**MATERIAL FOR THE TASK**
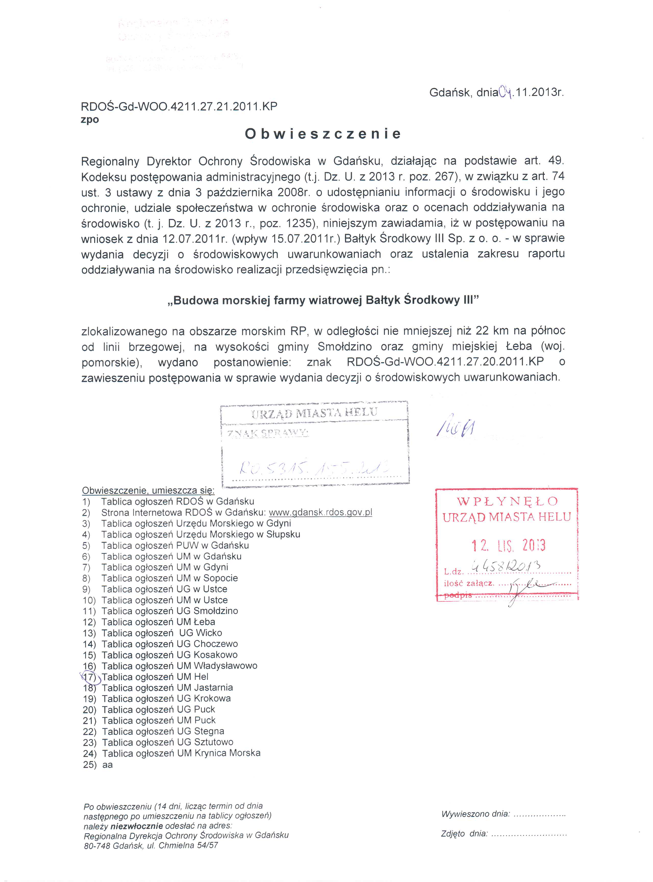 Obwieszczenie Regionalnego Dyrektora Ochrony Środowiska w Gdańsku w sprawie wydania decyzji o środowiskowych uwarunkowaniach oraz ustalenia zakresu raportu oddziaływania na środowisko realizacji przedsięwzięcia pn.: "Budowa morskiej farmy wiatrowej Bałtyk Środkowy III"
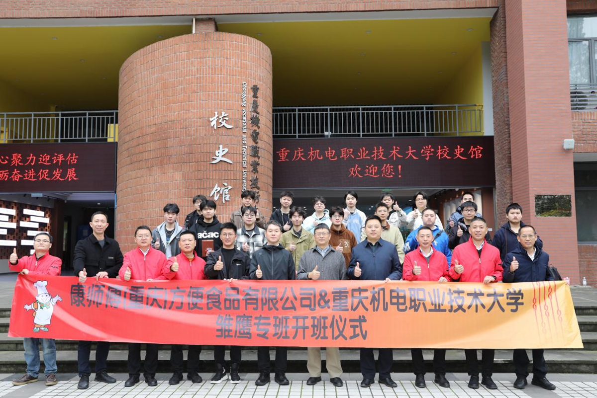 为深入推动产教融合,优化校企资源共享机制,共同培育适应产业需求的高素质技术技能人才,11月12日,学校与康师傅(重庆)方便食品有限公司在会议室F107隆重举行“康师傅雏鹰专班”签约暨开班仪式。康师傅(重庆)方便食品有限公司厂长钟彦、人资处处长王周兵等7位企业领导,学校党委副书记、副校长何超,招就处、机械工程学院、电气与电子工程学院等相关负责人共同出席了本次活动。仪式由招就处处长杨阳主持。
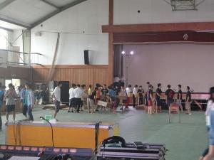 体育館では、音響設備の設置やステージの作成などが行われ、とても重い教壇や机、イスなどが力のある生徒たちにより次々と運ばれ、みるみるうちにステージができあがっていきました。
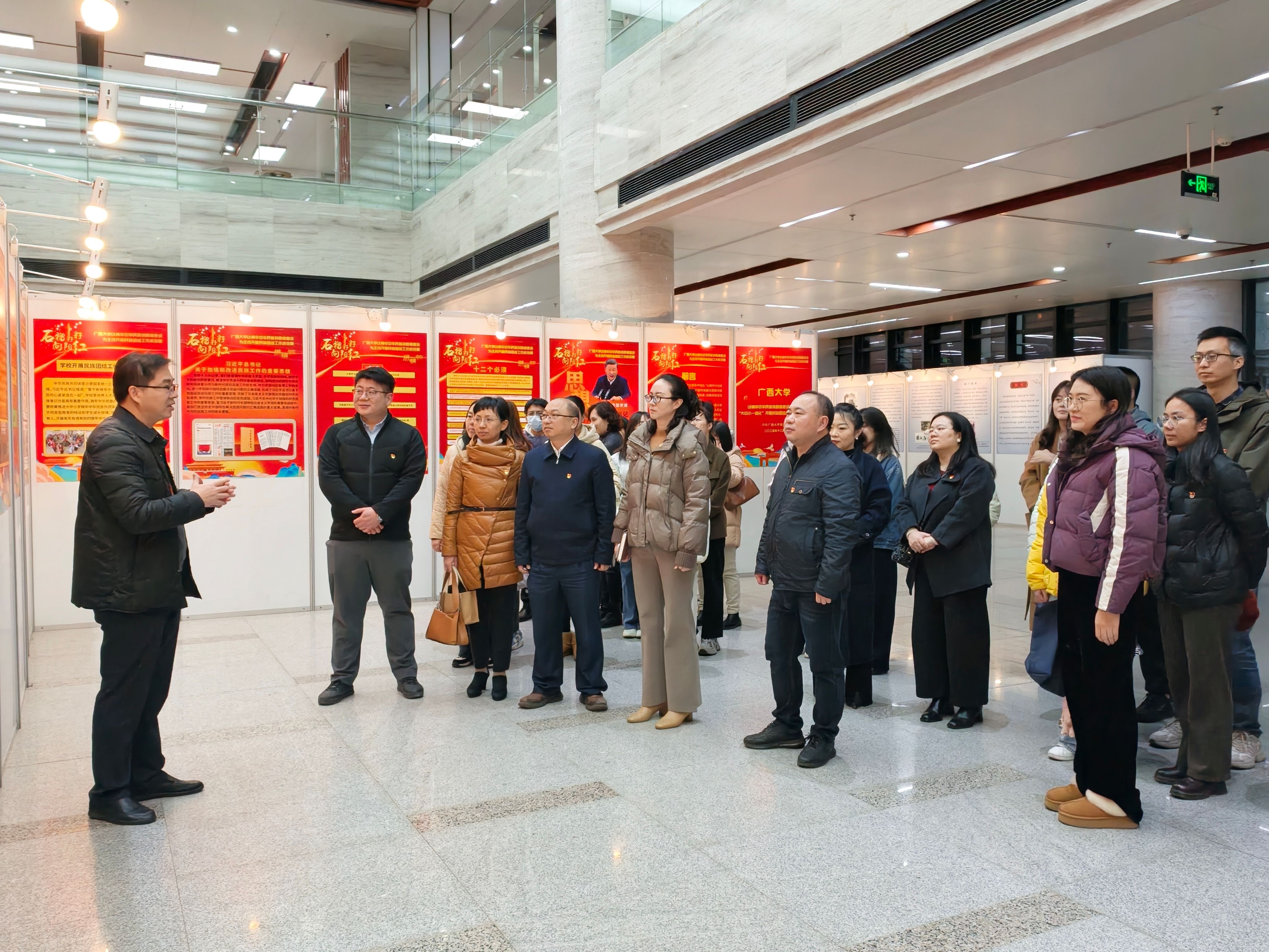 在图书馆,党员同志们认真参观了“墨痕映西大”名家题词展和民族团结教育工作成效展两个展区。通过观看历史展板、聆听生动讲述,大家深入体会了学校厚重的办学底蕴与人文精神,系统学习了以铸牢中华民族共同体意识为主线、推进“大中小一体化”民族团结教育的实践经验与显著成效。
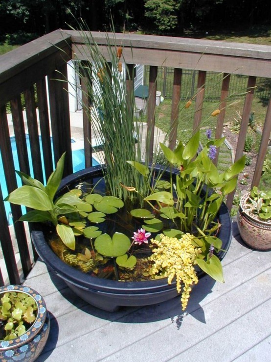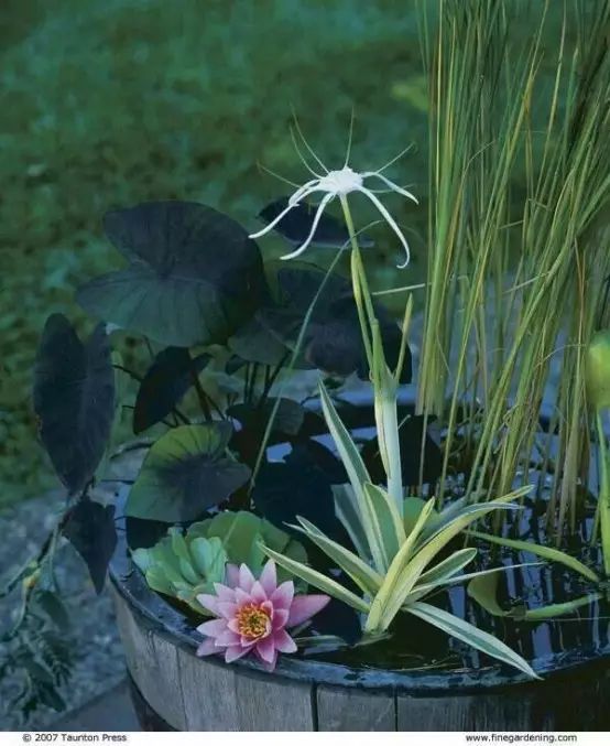 不管是院子、阳台、露台,都能充分利用起来,摆上一个水钵、花盆,种点水生植物,养几条好看的鱼,每天在花草中,看着鱼儿游动,追求自由的梦想油然而生。

**DIRECTIONS**
Copy the data character for character, but drop all pictures from the copy.

**ANSWER TO THIS PROBLEM**
 Obwieszczenie Regionalnego Dyrektora Ochrony Środowiska w Gdańsku w sprawie wydania decyzji o środowiskowych uwarunkowaniach oraz ustalenia zakresu raportu oddziaływania na środowisko realizacji przedsięwzięcia pn.: "Budowa morskiej farmy wiatrowej Bałtyk Środkowy III"
 为深入推动产教融合,优化校企资源共享机制,共同培育适应产业需求的高素质技术技能人才,11月12日,学校与康师傅(重庆)方便食品有限公司在会议室F107隆重举行“康师傅雏鹰专班”签约暨开班仪式。康师傅(重庆)方便食品有限公司厂长钟彦、人资处处长王周兵等7位企业领导,学校党委副书记、副校长何超,招就处、机械工程学院、电气与电子工程学院等相关负责人共同出席了本次活动。仪式由招就处处长杨阳主持。
 体育館では、音響設備の設置やステージの作成などが行われ、とても重い教壇や机、イスなどが力のある生徒たちにより次々と運ばれ、みるみるうちにステージができあがっていきました。
 在图书馆,党员同志们认真参观了“墨痕映西大”名家题词展和民族团结教育工作成效展两个展区。通过观看历史展板、聆听生动讲述,大家深入体会了学校厚重的办学底蕴与人文精神,系统学习了以铸牢中华民族共同体意识为主线、推进“大中小一体化”民族团结教育的实践经验与显著成效。
 不管是院子、阳台、露台,都能充分利用起来,摆上一个水钵、花盆,种点水生植物,养几条好看的鱼,每天在花草中,看着鱼儿游动,追求自由的梦想油然而生。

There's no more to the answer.